Mary Chris Jaklevic is a reporter-editor at HealthNewsReview.org. She tweets as @mcjaklevic.
News organizations rightly reported the numerous asterisks attached to a small mid-stage study of a potential Alzheimer’s treatment highlighted at this week’s Alzheimer’s Association International Conference.
As some stories reported, the study was a Phase 2 trial that hasn’t been peer reviewed or published in a journal, in which the drug didn’t meet its primary goal of showing a benefit after 12 months of treatment.
Also widely reported was that numerous similar attempts to clear amyloid plaques associated with Alzheimer’s have failed to pan out. That’s important since other experimental therapies have had encouraging early results but didn’t work in a Phase 3 trial.
But the question remains: Why did this experimental drug — BAN2401 — attract an avalanche of news coverage?
Headlines used words like “hopes,” “promise,” and “benefit.” But for consumers, at this point in time, it’s tough to see what the fuss is about.
Part of the answer may lie in our collective desperation for an effective treatment, as pointed out by Eric Topol, MD, on Twitter.
We’re so desperate for an #Alzheimers drug, that it’s front page @nytimes, even though it’s just less amyloid by imaging and many trial method/result wartshttps://t.co/Z2AujZbpmi by @PamBelluck pic.twitter.com/40AW6FALzA
— Eric Topol (@EricTopol) July 26, 2018
But another explanation is less benign and hinges on the huge financial stakes, not just for the two companies developing this particular drug but for others working on similar plaque-busters as well as makers of PET scans that detect plaque and research institutions that are trying to find a way to arrest the disease.
“I call it the Alzheimer’s industry complex,” said HealthNewsReview.org contributor Susan Molchan, MD, who has written about the push to promote brain scans and drugs to diagnose and treat Alzheimer’s. “It’s a potentially huge market and that’s why these companies, despite all the decades of failures, persist.”

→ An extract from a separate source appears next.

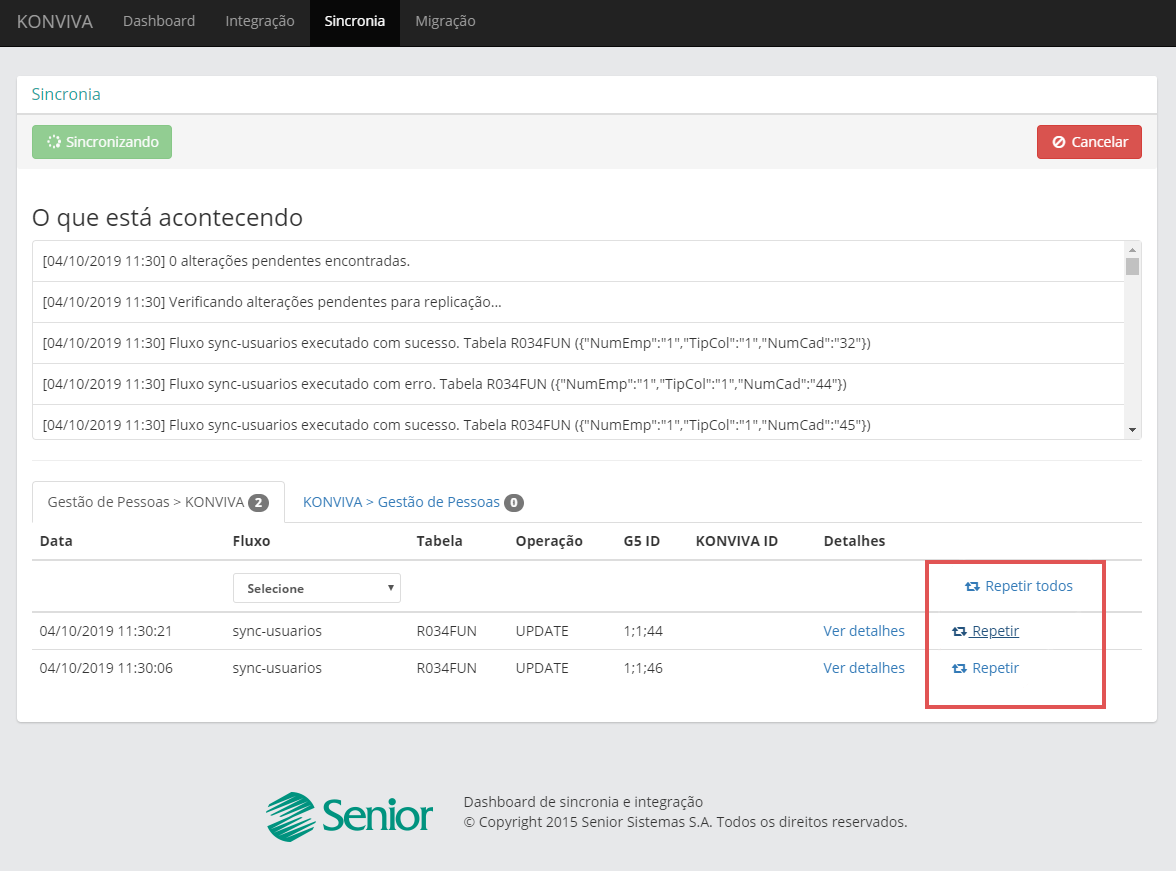 - Sincronia: processo que envia constantemente as atualizações entre os sistemas. Esse processo precisa ser habilitado e deve ficar em execução de forma contínua após o processo de carga dos fluxos.

Molchan, a psychiatrist and former clinical researcher at the NIH, said while many medical experts quoted in news stories aren’t part of the BAN2401 research, they or their institutions may receive funding from companies that stand to profit if a new Alzheimer’s treatment wins FDA approval.

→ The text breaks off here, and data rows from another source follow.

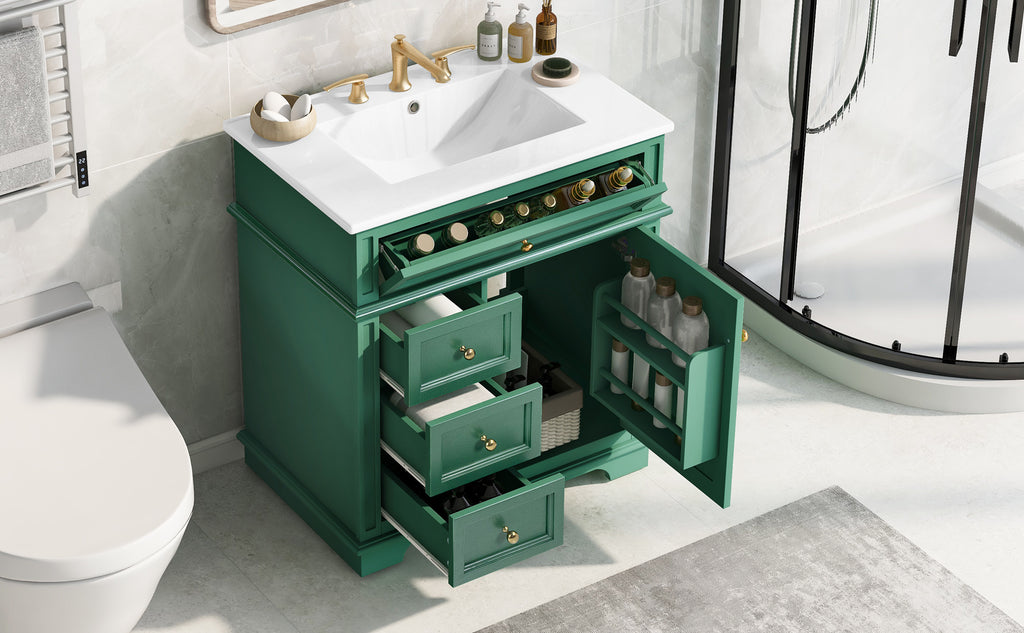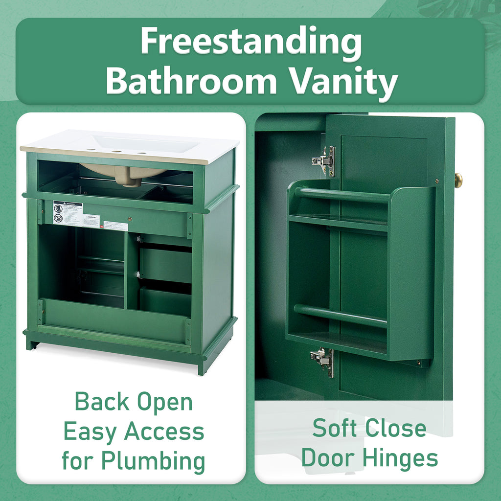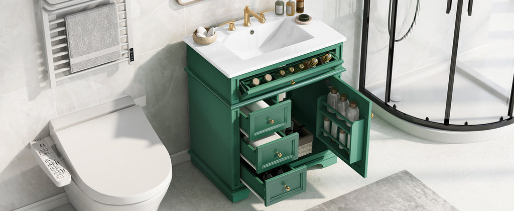 - Vanity with Cabinet & Door Shelf & Drawers: This bathroom vanity has ample storage space: one cabinet with door shelf, one big tip-out drawer and 3 drawers with silde rails. You can put soaps, towels, shampoos, tissue paper and other bathroom essentials in it so to keep them away from dust.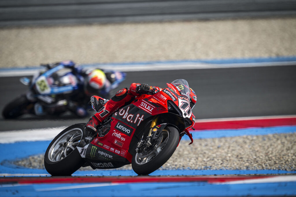 El italiano del Aruba.it Racing-Ducati tuvo dos fallas mecánicas mientras era protagonista de la punta y sumó sendos abandonos (se supo que era un sensor en cortocircuito). Su frustrado liderazgo lo heredó Toprak Razgatlioglu (#1 BMW) en la SuperPole Race (después tendría problemas con los neumáticos) y por Andrea Locatelli (#55 Yamaha) en la Race2 quien, de esta manera, devolvió a Yamaha al triunfo después de 54 carreras (sí, justo el dorsal del piloto que le había entregado su última victoria).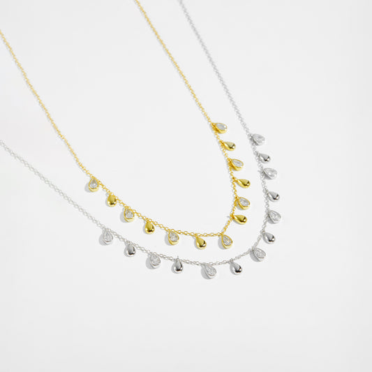 S925 Sterling Silver Pear-shaped Zircon Hanging Scarf Long Necklace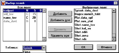 В диалоговом окне Выбор полей приведен список всех полей открытой базы данных (рис. 2.4). Если в различных рабочих областях открыто параллельно несколько баз данных, как в нашем случае, то из комбинированного списка Таблица нужно выбрать по очереди все базы данных, добавляя из каждой базы данных нужные поля. В отчете могут использоваться не все поля базы данных, а только некоторые из них.

Everyone wants a drug that will provide meaningful benefits to patients, but danger lurks in the enormous incentives to make marginal drugs seem more beneficial than they really are.
“There are other amyloid drugs out there. Once one gets approved, it will make it easier for others,” Molchan said.
This context often isn’t acknowledged in news stories about potential treatments.
Laudably, nearly all stories we read provided at least some caveats, including previous failures in the field and the need for a definitive positive study.
The developers of BAN2401, Eisai Co. and Biogen Inc., reported in December that the drug had flunked its primary goal of producing a measurable result after 12 months.
On Wednesday the companies unveiled what they portrayed as rosier secondary outcomes, showing after 18 months the drug reduced amyloid plaques and improved cognition and function, although the study was so small that the cognitive benefit could have been due to chance.
Some news outlets did a particularly good job of conveying the limitations of the evidence.
The Associated Press’s Hopes rise again for a drug to slow Alzheimer’s disease reported that the trial was “considered a flop” because it didn’t meet its main goal, and further wrote:
There are lots of caveats about the work, which was led by company scientists rather than academic researchers and not reviewed by outside experts. The study also was too small to be definitive and the results need to be confirmed with more work, dementia experts said.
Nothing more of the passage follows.